# Matrix multiplications are a key building block of most modern high-performance computing systems.
# They are notoriously hard to optimize, hence their implementation is typically done by hardware vendors themselves as part of so-called "kernel libraries" (e.g., cuBLAS).
# Unfortunately, these libraries are often proprietary and cannot be customized to accomodate the needs of modern deep learning workloads (e.g., mixture of experts, fused activation functions, etc.).

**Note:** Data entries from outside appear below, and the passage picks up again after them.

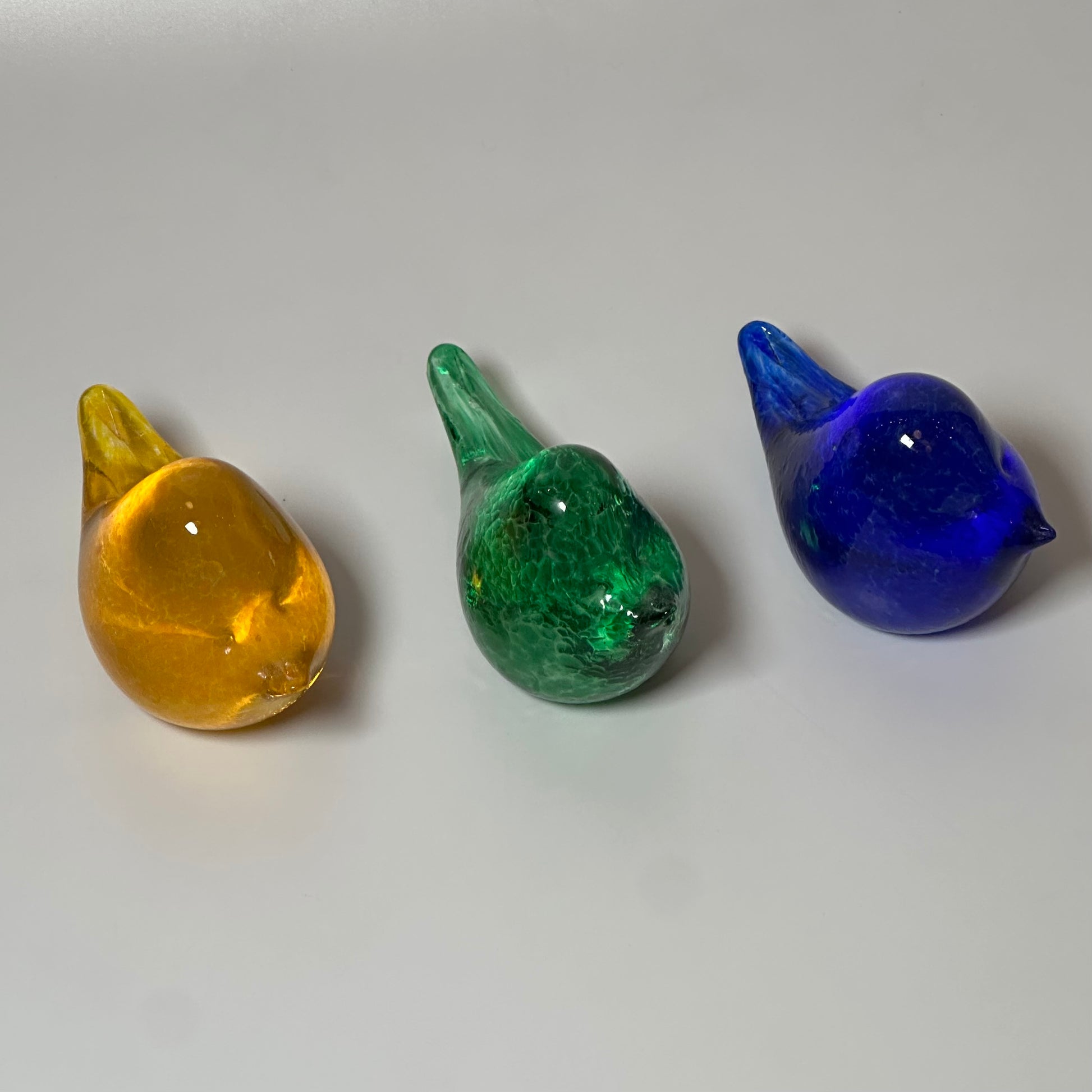 A charming trio of handcrafted Henrietta Glass birds in vibrant blue, sunny yellow, and fresh green. These delightful pieces showcase the playful artistry and brilliant colors that made Henrietta Glass beloved by collectors. Perfect for adding a pop of color and whimsy to your windowsill, shelf, or curio cabinet. Collect all three or let them find separate homes—each bird brings its own personality and handmade charm.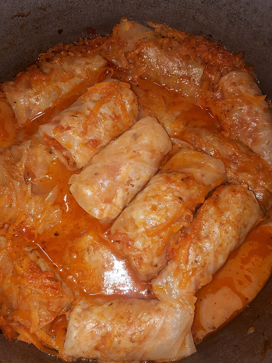 Лук и морковка, заливку не делаю, томат кладу в начинку. Голубцы чем жирнее мясо, тем вкуснее.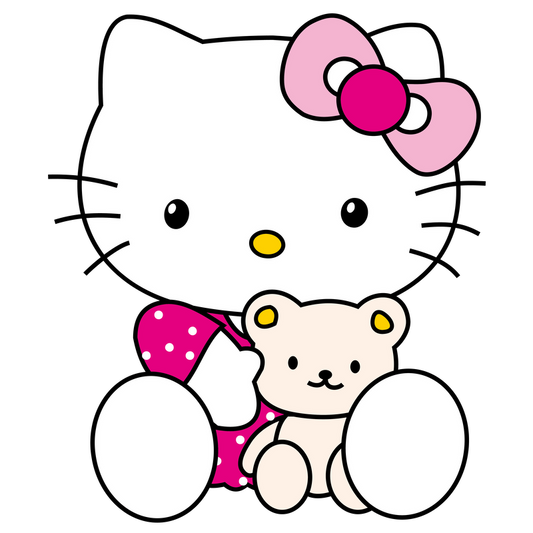 Adorable Hello Kitty cuddles a cute bear, showcasing her signature style with a pink polka dot dress and bow.DTF Transfers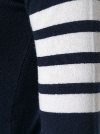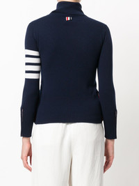 striped turtleneck sweater As renowned for his beloved knitwear as he is for his boundary-pushing tailoring, this knitted top finds Thom Browne editing a familiar favourite with more athletically-inclined detailing. Crafted in the United Kingdom from blue soft cashmere, this sophisticated jumper features a turtle neck, long sleeves, button cuffs, a ribbed hem and cuffs, 4-bar stripes at the sleeve, red, white and blue grosgrain cuff detail and back yoke tab, side buttoned slits and Mother of Pearl buttons. Made in United Kingdom Composition Cashmere 100% SIZE & FIT Model measurements Height 5 ft 10 in(1.79 m) Bust/Chest 32.67 in(83 cm) Hips 33.46 in(85 cm) Waist 24.01 in(61 cm) Measurement SLEEVE LENGTH 27.16 in(69 cm) Shoulder Width 12.59 in(32 cm) LENGTH 20.07 in(51 cm) WAIST 25.19 in(64 cm) BUST 28.34 in(72 cm)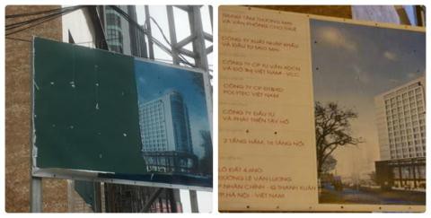 Tấm biển trước dự án Trung tâm thương mại và Văn phòng cho thuê (đường Lê Văn Lương, P. Nhân Chính, Q. Thanh Xuân, TP. Hà Nội) sau và trước khi xảy ra vụ tai nạn lao động. Ảnh: ĐVO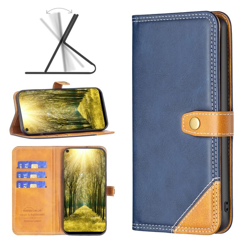 Θήκη τηλεφώνου από δέρμα με διπλή ραφή και αντιστοίχιση χρωμάτων για OPPO A72 / A52 / A92 (Μπλε)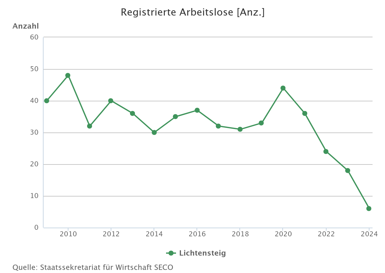 - Registrierte Arbeitslose (Jahr 2024): 6 Personen (Vergleich Jahr 2020: 44 Personen)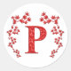 Sticker Rond Lettre monogramme P Feuilles rouges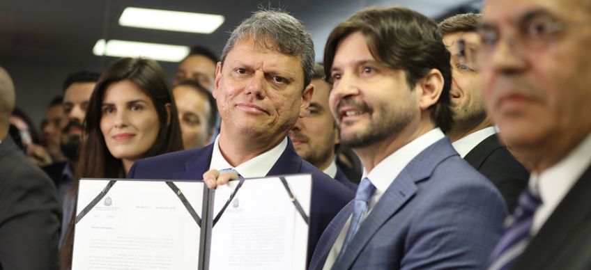 O governador Tarcísio esteve no Palácio 9 de Julho para a entrega da proposta, que tramitará em regime de urgência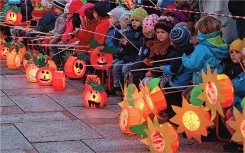 In einem kurzen Gottesdienst wurde auf dem Rathausplatz in Schloßberg an die gute Tat des heiligen Martin erinnert. Aufmerksam lauschten die Kinder von St. Georg dem Spiel und sangen beim anschließenden Martinszug kräftig mit. Das Wegstück durch den Garten des Kindergartens wurde von unzähligen Wind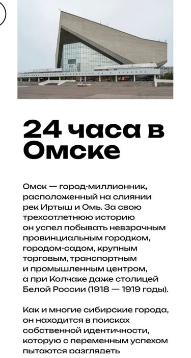 Маршрут "24 часа в Омске" проложен по центральной части городе. Для туриста, оказавшегося здесь всего на день, логично прогуляться именно по главным улицам. При этом акцент сделан не на растиражированные достопримечательности, а места, которые придают мегаполису новые смыслы. В гиде нет музея им. Врубеля или Драмтеатра, зато есть районы улиц Труда и Серова, которые транслируют городские легенды и отражают различные архитектурные стили застройки разных лет. Также путеводитель знакомит приезжих с уютными дворами, деревянной синагогой, галереями, Городским музеем "Искусство Омска", магазином локальных товаров и др.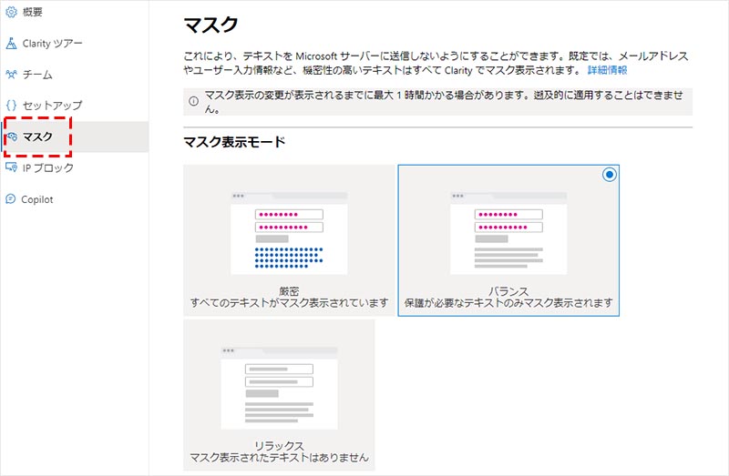 デフォルトでは、保護が必要な機密性の高いテキストのみをマスクする「バランスモード」です。
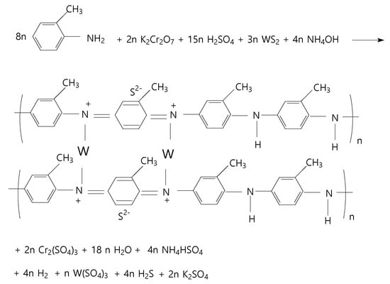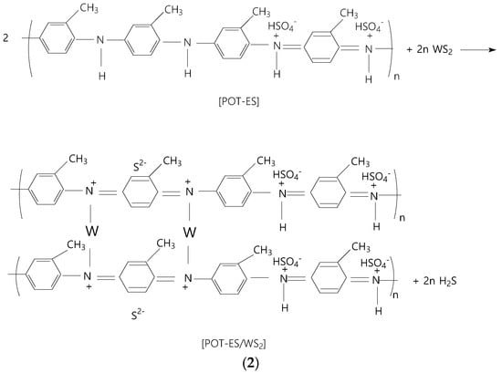 The mechanism of EC synthesis of the POT/WS2 composite: (1) oxidation reaction of POT-LS with the generation of POT-ES; (2) chemical interaction of POT-ES with WS2.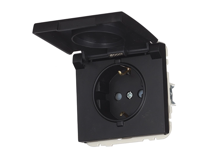 Розетка 1-на з кришкою 2P+Z, ШУКО Efapel Apolo 16А, 250V чорний матовий

# For this reason, this tutorial will show you how to implement efficient matrix multiplications yourself with Triton, in a way that is easy to customize and extend.
#
# Roughly speaking, the kernel that we will write will implement the following blocked algorithm:
#
# .. code-block:: python
#
# # do in parallel
# for m in range(0, M, MB):
# # do in parallel
# for n in range(0, N, NB):
# acc = zeros((MB, NB), dtype=float32)
# for k in range(0, K, KB):
# acc += A[m : m+MB, k : k+KB] @ B[k : k+KB, n : n+NB]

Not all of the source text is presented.